> [Activity]
Find the line containing "首页精选范文银行党员干部队伍建设情况的分析研判报告_副本". Retype it and every later line of the records exactly, leaving out pictures.

> [Material for the task]
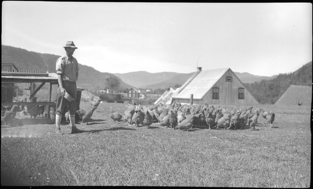 Colonie éleveuse portative à Saint-Raymond, comté de Portneuf, 1945, Archives nationales à Québec, Fonds Ministère de la Culture et des Communications, (03Q,E6,S7,SS1,D2,P26499), François Fleury.
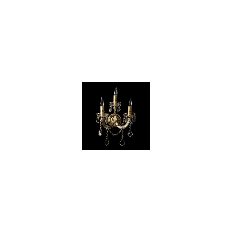 Arbotante Ma Theresa de pared Gamalux, apto para espacios interiores como salas, pasillos o habitaciones. Está elaborado de metal dorado y cristal cortado brillante, su diseño con 3 velas brinda un toque clásico y elegante a la decoración. Sus dimensiones son 25 x 30 cm y un peso de 3 kg. Trabaja con 3 sockets E12 para focos LED (no incluidos).
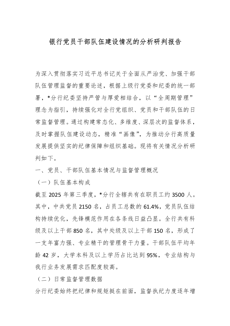 首页精选范文银行党员干部队伍建设情况的分析研判报告_副本
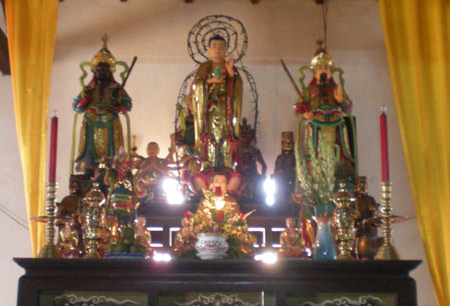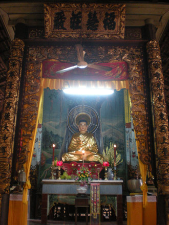 Nghĩ là làm, sau khi hoàn thành nhiệm vụ chụp hình, tôi lẻn qua ngôi cổ tự. Ngôi chủa nhỏ chỉ có hai gian, một gian thờ tổ và một gian thờ Phật. Do không thắp đủ đèn nên trong chính điện khá tối, bên trong yên lặng như tờ. Chùa cổ nên đẹp tuyệt, các cây cột bằng gỗ quý to gần bằng một ôm tay đen bóng, chính điện thếp vàng lộng lẫy, tượng Phật Thich Ca và A Di Đà và các Bồ tát sơn son với vẽ mặt hết sức từ bi.
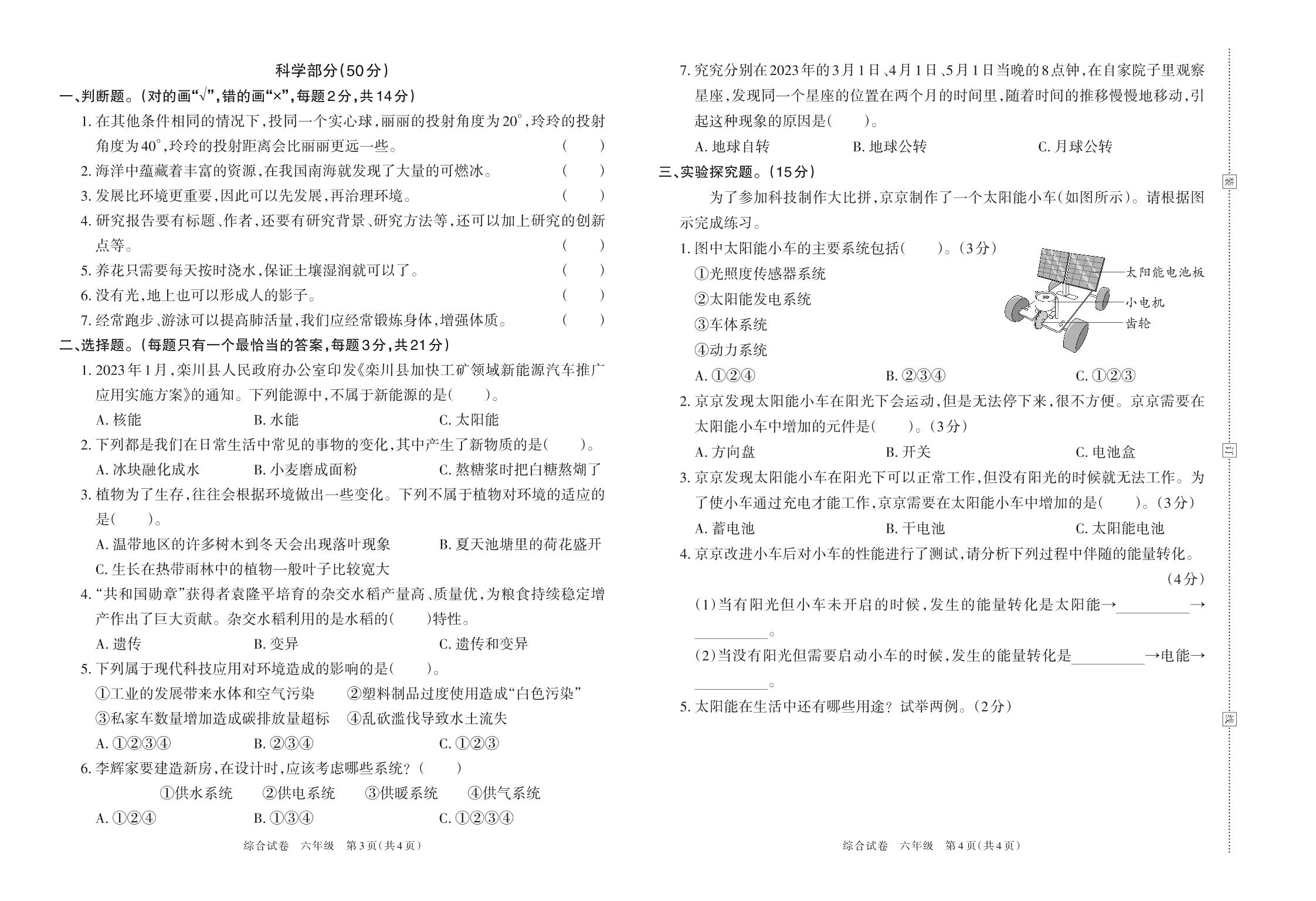 河南省洛阳市栾川县2022—2023学年下学期期末质量检测试卷(四)六年级科学(大象版)
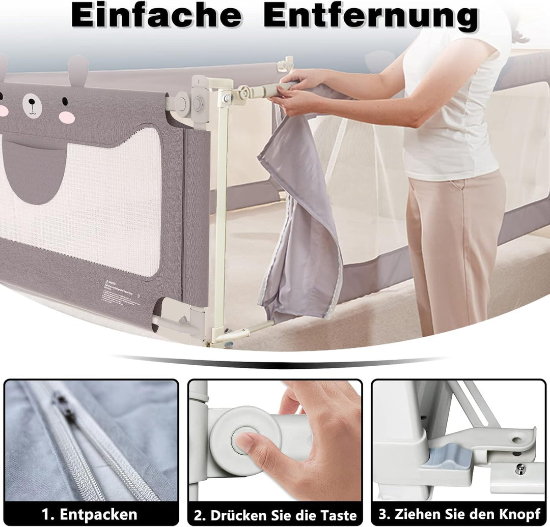 - Praktisch: Waschbar und wiederverwendbar.Und diese Bettschiene lässt sich leicht verstauen, wenn Sie sie nicht benutzen.

> [Exercise result]
 首页精选范文银行党员干部队伍建设情况的分析研判报告_副本
 Nghĩ là làm, sau khi hoàn thành nhiệm vụ chụp hình, tôi lẻn qua ngôi cổ tự. Ngôi chủa nhỏ chỉ có hai gian, một gian thờ tổ và một gian thờ Phật. Do không thắp đủ đèn nên trong chính điện khá tối, bên trong yên lặng như tờ. Chùa cổ nên đẹp tuyệt, các cây cột bằng gỗ quý to gần bằng một ôm tay đen bóng, chính điện thếp vàng lộng lẫy, tượng Phật Thich Ca và A Di Đà và các Bồ tát sơn son với vẽ mặt hết sức từ bi.
 河南省洛阳市栾川县2022—2023学年下学期期末质量检测试卷(四)六年级科学(大象版)
 - Praktisch: Waschbar und wiederverwendbar.Und diese Bettschiene lässt sich leicht verstauen, wenn Sie sie nicht benutzen.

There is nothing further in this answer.